Открылся широкий вид на реку с ее низким противоположным берегом, зарослями ольхи и черемухи над самой водой, выпускающими первые, полупрозрачной розовости, листочки, с темно-зелеными купами невырубленных ельников и мягким кружевом сосновых урочищ. Там, далеко, в кудрявой оторочке лесных вершин, горели под солнцем золоченые купола Троицко-Гледенского монастыря, а над всем этим богатством в голубом просторе неслись распластанные весенние облака, порывистые и бесформенные, как сама весна.
— Гляди-ка, Двина! — покачиваясь на мягкой сенной подстилке, проговорил Запорожцев.

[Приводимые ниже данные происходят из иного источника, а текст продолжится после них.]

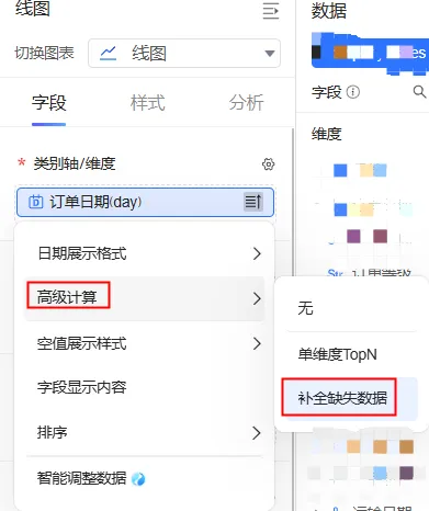 在图表的字段配置区域,找到维度字段 订单日期。点击其右侧的设置图标,在弹出的菜单中选择 高级计算,然后选择 补全缺失数据。此操作将确保所有日期,即使没有对应数据,也会出现在X轴上。
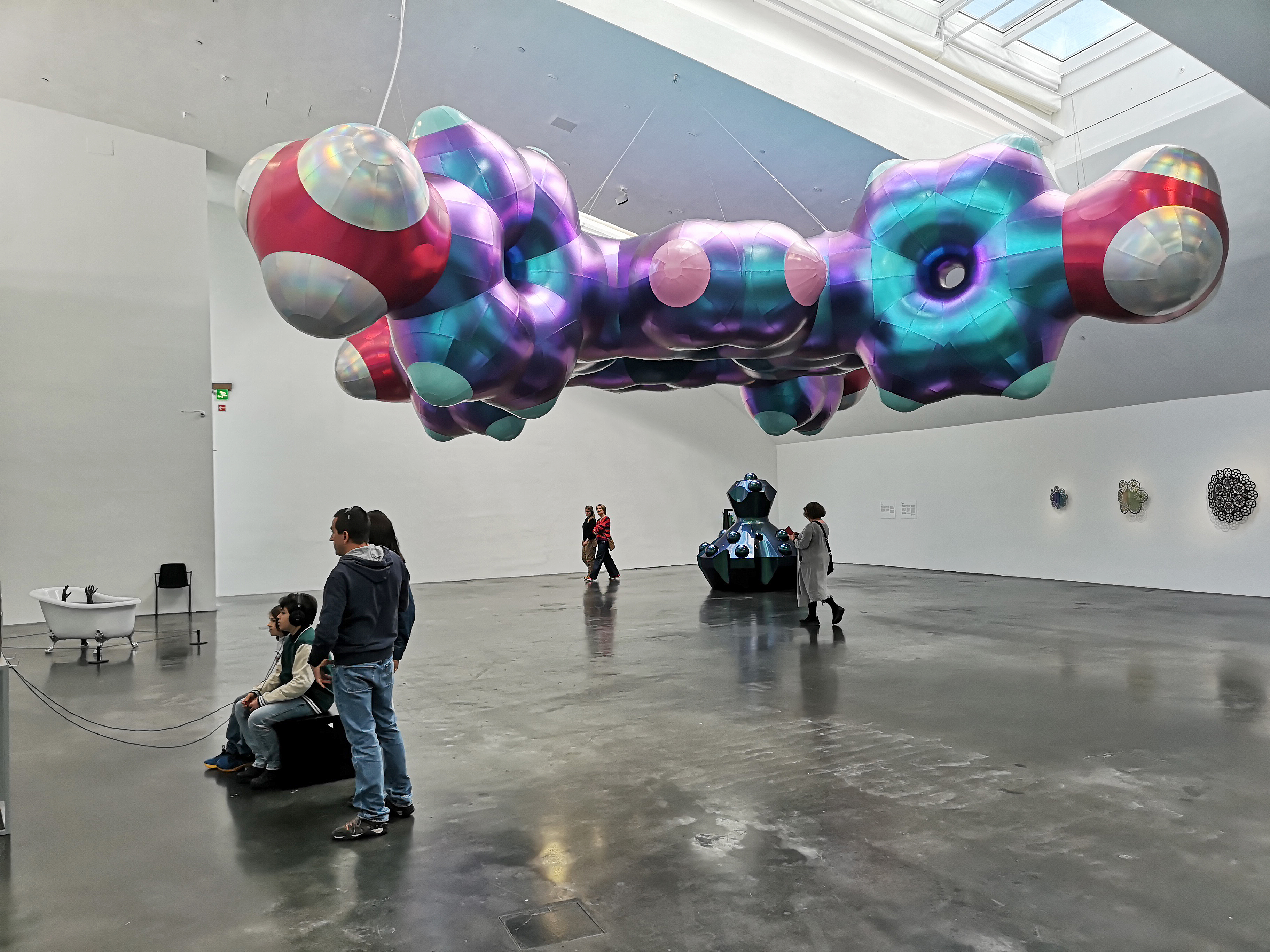 Från taket svävar jättelika färggranna plastmolekyler i Monira Al Qadiris utställning.

Вдыхая весеннюю речную свежесть, он испытывал прилив какого-то особого чувства, свойственного русскому человеку, когда доведется нежданно-негаданно окинуть одним взглядом захватывающий простор большой реки. — Двина! — повторил он, не отрывая глаз от переполненных разливом берегов. — А хороша река, Федор! — Потом задумался и добавил: — Так вот и реки, как люди. Погляди: ну чем же не река? А вот нет ей такого почета, как, скажем, Волге. Никто о ней сроду не сказал «матушка», «кормилица»…
— Несправедливость судьбы. Все то же… — усмехнулся Сорокин.
При этих словах возница сдвинул на затылок свою старую солдатскую папаху и с живостью обернулся к седокам:
— Я так смекаю: почет да любовь — они не за одну красоту, слышь. Стало быть, какая река больше напоит народа, той и почету больше. Из Волги вся Россия пьет. А кои людишки на Двине аль по-над Вычегдой размножаются, тем, надо полагать, и Вычегда родимая мать!
Телега покатилась под гору. Туго натягивая вожжи и падая назад, в телегу, возница развернул подводу у дощатого обшарпанного навеса, именуемого пристанью.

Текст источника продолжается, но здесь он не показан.